● **Problem description**
Return the stretch from the line with "Our destination tonight" through the line with "Представьте себе профессионального" in the data below, character for character, skipping all pictures.

● **Stored data**
┌──
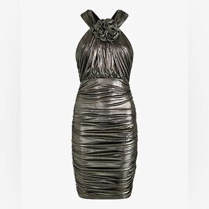EXPRESS Metallic Rosette Halter Ruched Mini Sheath Dress
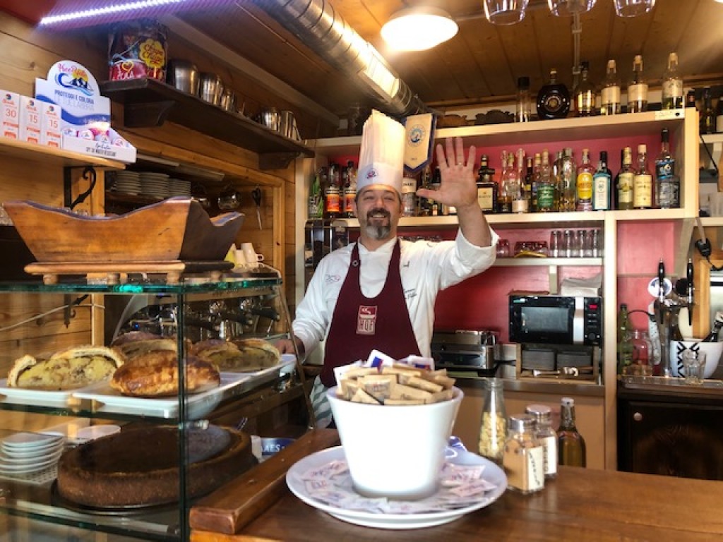 Our destination tonight is the Rifugio Ferraro in the tiny hamlet of Resy which sits at 2000m (6560ft), and is one of the old Walser villages which flank the Val d’Ayas. The guardians of this refugio are Fausta and Stelio and they are determined that you will enjoy your stay with them. An evening drink watching the sun go down from Resy is one of the best of mountain experiences.
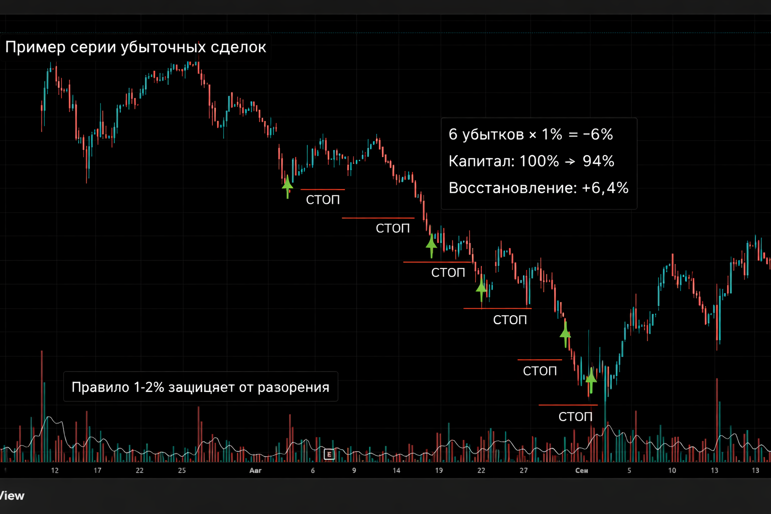 Представьте себе профессионального игрока в покер. Он никогда не ставит все фишки на одну руку, какой бы сильной она ни казалась. Точно так же опытный трейдер понимает: даже самая «верная» сделка может пойти против него из-за неожиданных новостей, технического сбоя или манипуляций крупных игроков. Правило 1–2% работает как финансовая подушка безопасности — оно гарантирует, что серия неудачных сделок не уничтожит ваш торговый капитал.
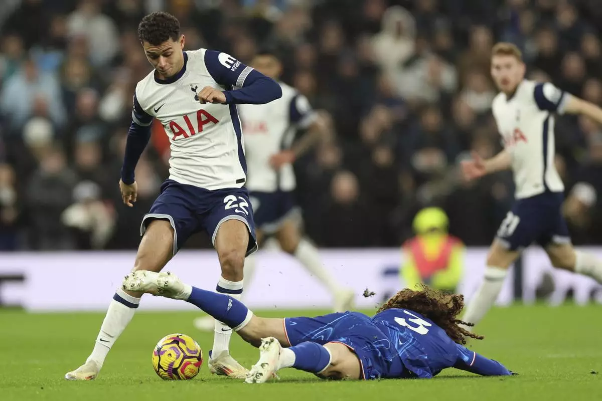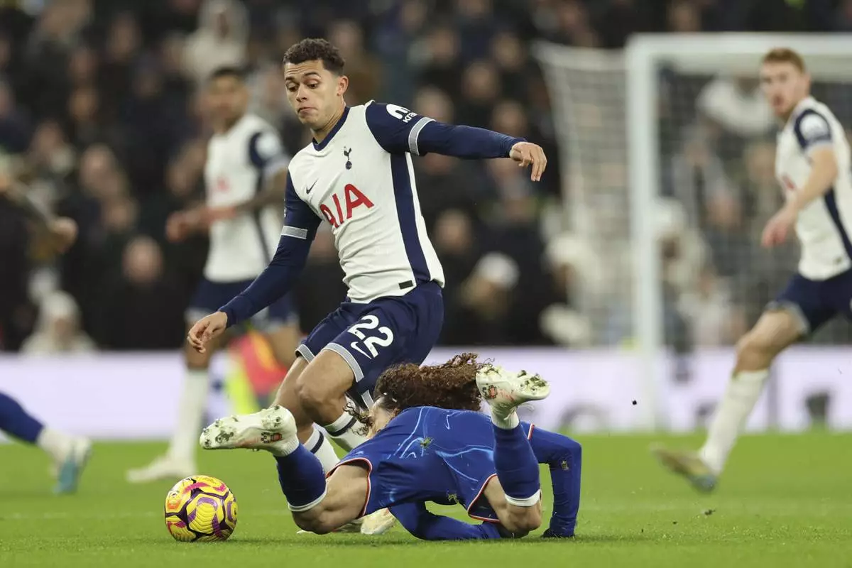 Tottenham's Brennan Johnson challenges for the ball with Chelsea's Marc Cucurella during the English Premier League soccer match between Tottenham Chelsea, at the Hotspur stadium in London, Sunday, Dec.8, 2024. (AP Photo/Ian Walton)
└──
● **Problem solution**
 Our destination tonight is the Rifugio Ferraro in the tiny hamlet of Resy which sits at 2000m (6560ft), and is one of the old Walser villages which flank the Val d’Ayas. The guardians of this refugio are Fausta and Stelio and they are determined that you will enjoy your stay with them. An evening drink watching the sun go down from Resy is one of the best of mountain experiences.
 Представьте себе профессионального игрока в покер. Он никогда не ставит все фишки на одну руку, какой бы сильной она ни казалась. Точно так же опытный трейдер понимает: даже самая «верная» сделка может пойти против него из-за неожиданных новостей, технического сбоя или манипуляций крупных игроков. Правило 1–2% работает как финансовая подушка безопасности — оно гарантирует, что серия неудачных сделок не уничтожит ваш торговый капитал.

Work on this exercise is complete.